Chris Kiel (rechts) en Marco Collaris.

Zij draaien hun hand niet om voor de meest ranzige taferelen, zoals in een woning in Maastricht, waar Thom Mandos een dagje met hen meeliep. ‘Iémand moet het schoonmaken.’

Op een zonnige maar koude woensdagmorgen arriveren we rond half negen bij een mooie twee-onder-een-kapwoning in een rustige straat in Maastricht. Het crime scene cleaningteam van Schoonmaakbedrijf R. Janssen uit Sittard bestaat vandaag uit vier man, van wie er twee straks gaan schrobben. Niets aan de buitenkant van het huis verklapt wat we zometeen binnen aan zullen treffen.

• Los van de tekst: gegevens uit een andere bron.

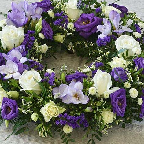 A pretty wreath in delicate shades of Purple, blue, lilac and cream made using scented freesia, roses lisianthus and limonium
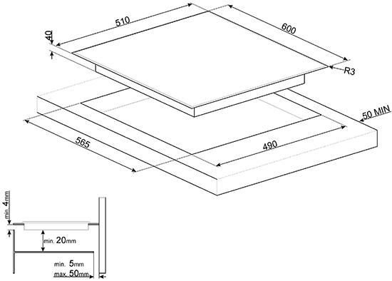 4 зоны нагрева Hi-Light: Задняя левая: 1,2 кВт, ш 148 мм Передняя левая: 1,8 кВт, ш184 мм Задняя правая: 1,0 2,2 кВт, ш 148-214 мм Передняя правая: 1,2 кВт, ш 148 мм
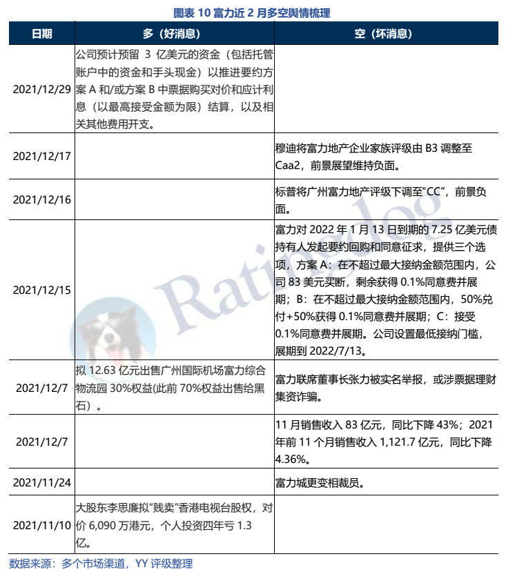 相較于今年暴露風險的民企,富力債務重壓問題盤亙已久,市場皆知,但公司仍通過銷售、資產出售和股東借款硬扛了許久,繼9月大股東將“倒賣”富力物業(yè)的收益借給公司后,12月公司以12.63億元清空了廣州物流園股權。面對行業(yè)下行及2022年1月到期的7.25億美元債,富力最終還是沒抗住,向持有人發(fā)起交換要約試圖將一部分債務展期支付。
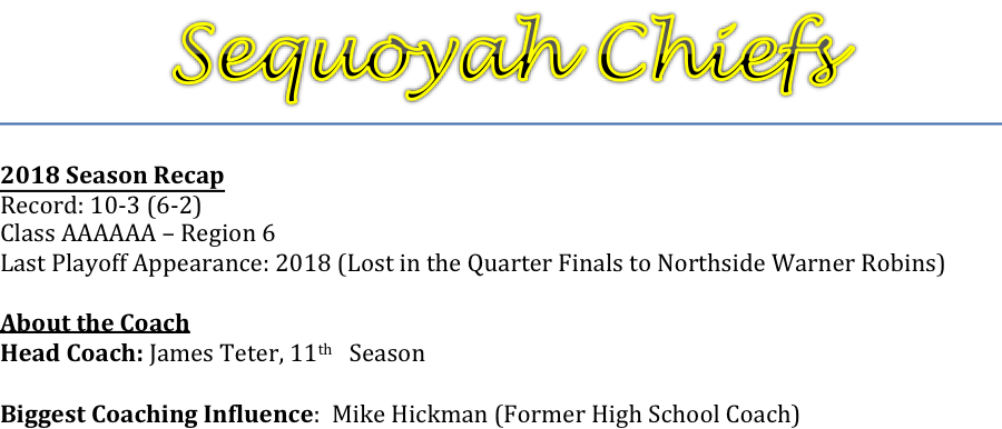 **Incase you missed it, you can check out our podcast interview with Coach Teter Here: Sequoyah Chiefs Podcast
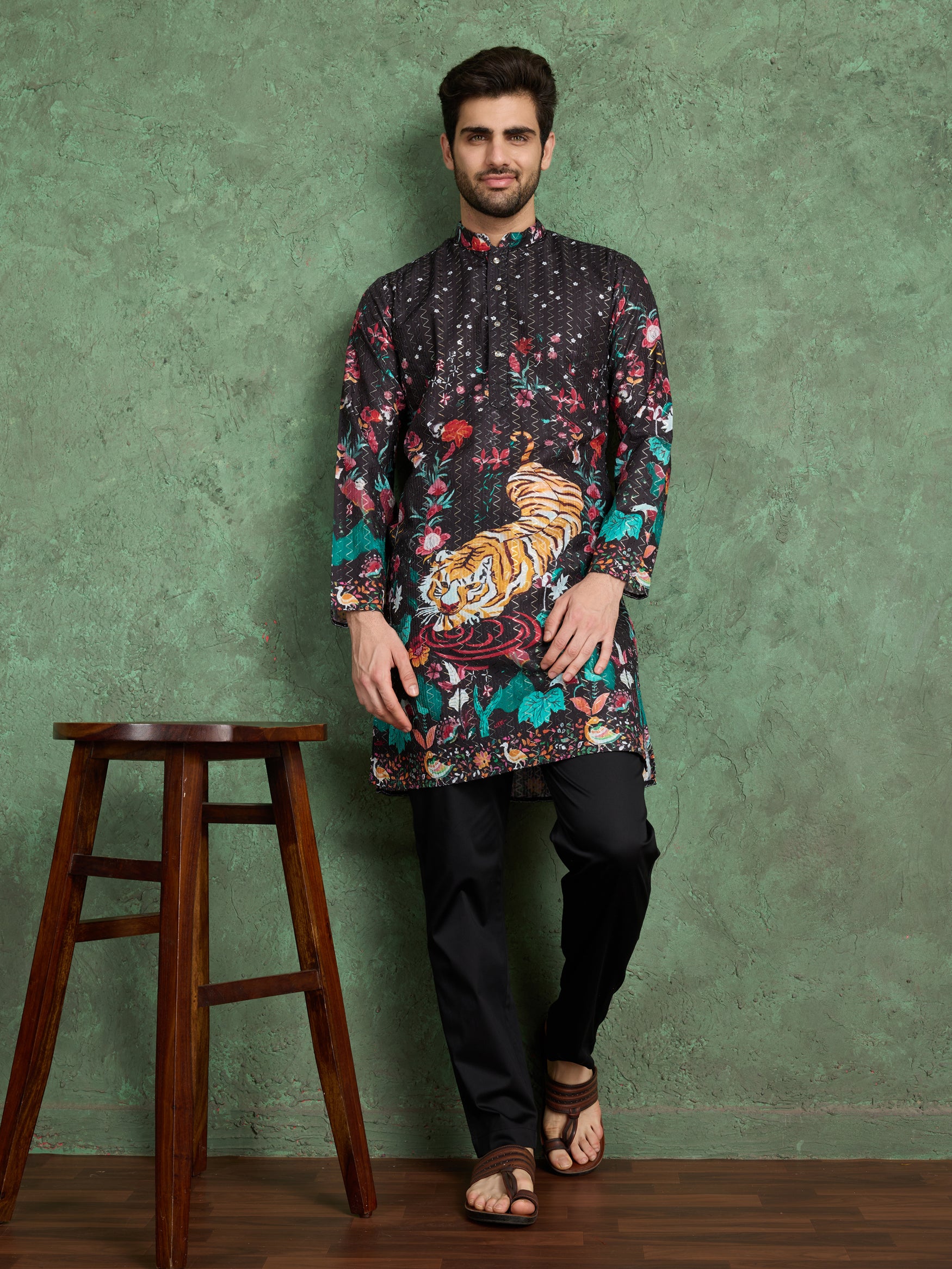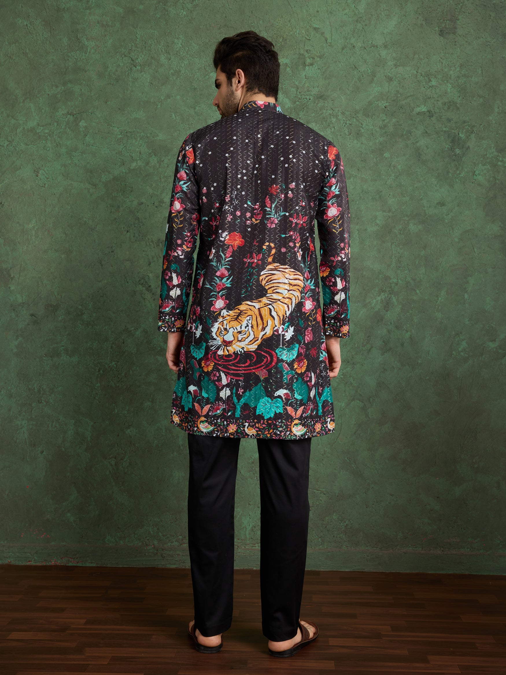 Make a bold style statement with this black tiger print kurta, designed for the modern man who loves to stand out. Featuring a striking tiger motif surrounded by vibrant floral and forest-inspired patterns, this kurta is a true blend of power and elegance.
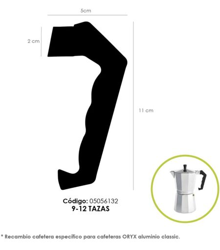 Mango Cafeteras Alumino Clásica 9 y 12 Tazas - 1 unidad. - Mango universal para casi todas las caferas de aluminio de 9 y 12 tazas. - Recambio cafetera específico para cafeteras ORYX aluminio classic. - Valido para: > 05056013: Cafetera aluminio classic 9 tazas. > 05056014: Cafetera aluminio classic 12 tazas. ...
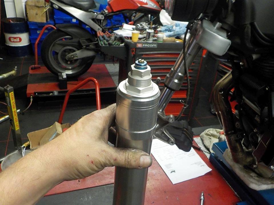 pressing down the front suspention a few time to set the forks on the axle — bij Twin Motorcycles Buell Support forever.
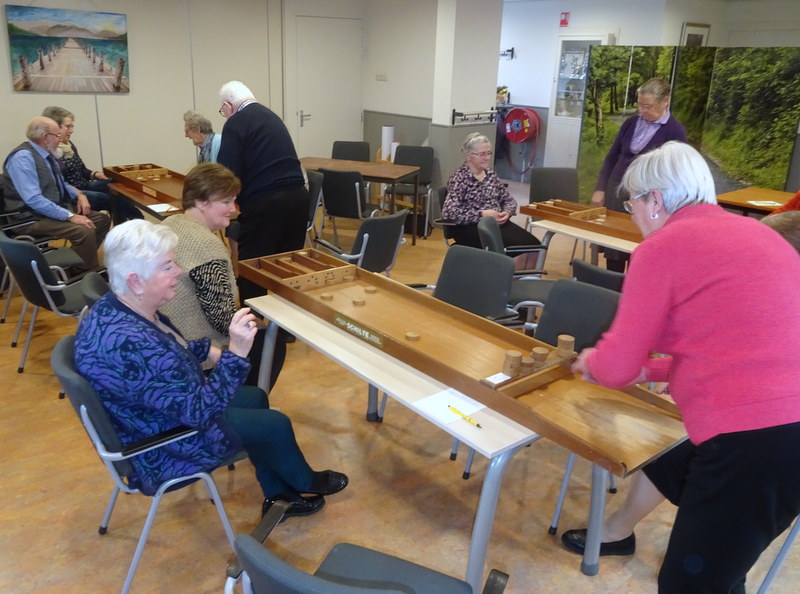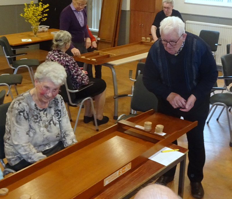 van genoten. Daarna kwam het zware werk. Want hard werken dat was het. Meerder rondjes sjoelen in verschillende bakken en dan in groepjes van 5. De spanning liep soms hoog op, maar het was ook ontspanning en zeker heel gezellig. Winnaar in deze strijd was Cornelis Stip. Het was weer een geweldig mooie middag voor alle aanwezigen.

Wanneer we de voordeur openen, vallen gelijk de gele krijtstrepen in de hal naast de open trap op. ‘Die zijn van de politie,’ zegt Bas Janssen, algemeen manager en verantwoordelijk voor het schoonmaken van plaatsen delict bij het schoonmaakbedrijf van zijn vader. Op de begane grond valt behalve de krijtstrepen en de berg dode vliegen niet zoveel te zien. Het ruikt muf, misschien een beetje vreemd, maar niet de verwachte ontbindingsgeur. ‘Dat komt doordat we vorige week al een eerste behandeling hebben gedaan. Er staat een speciaal apparaat aan dat ervoor zorgt dat de geur aan het pand wordt onttrokken. Daarnaast hebben we een behandeling uitgevoerd om de vliegen te doden, dat maakt het voor mijn mensen werkbaarder,’ legt Janssen uit.

IK WERK AL JAREN IN DEZE BRANCHE, EN DE GEUR DOET ME EIGENLIJK NOG WEINIG. EEN MONDKAPJE HOEFT VOOR MIJ NIET PER SE

De grote schok komt pas als we de trap oplopen. Nog voor we op de overloop zijn, zien we bloedsporen op de traptreden. Ondanks dat de hal open is, ruikt het boven toch heel anders. Een penetrante, zure, weeïge lucht hangt op de eerste verdieping. Het is een ondefinieerbare geur, niet te vergelijken met iets anders. ‘Deze lucht ga je nooit meer vergeten. Het is een heel herkenbare geur.’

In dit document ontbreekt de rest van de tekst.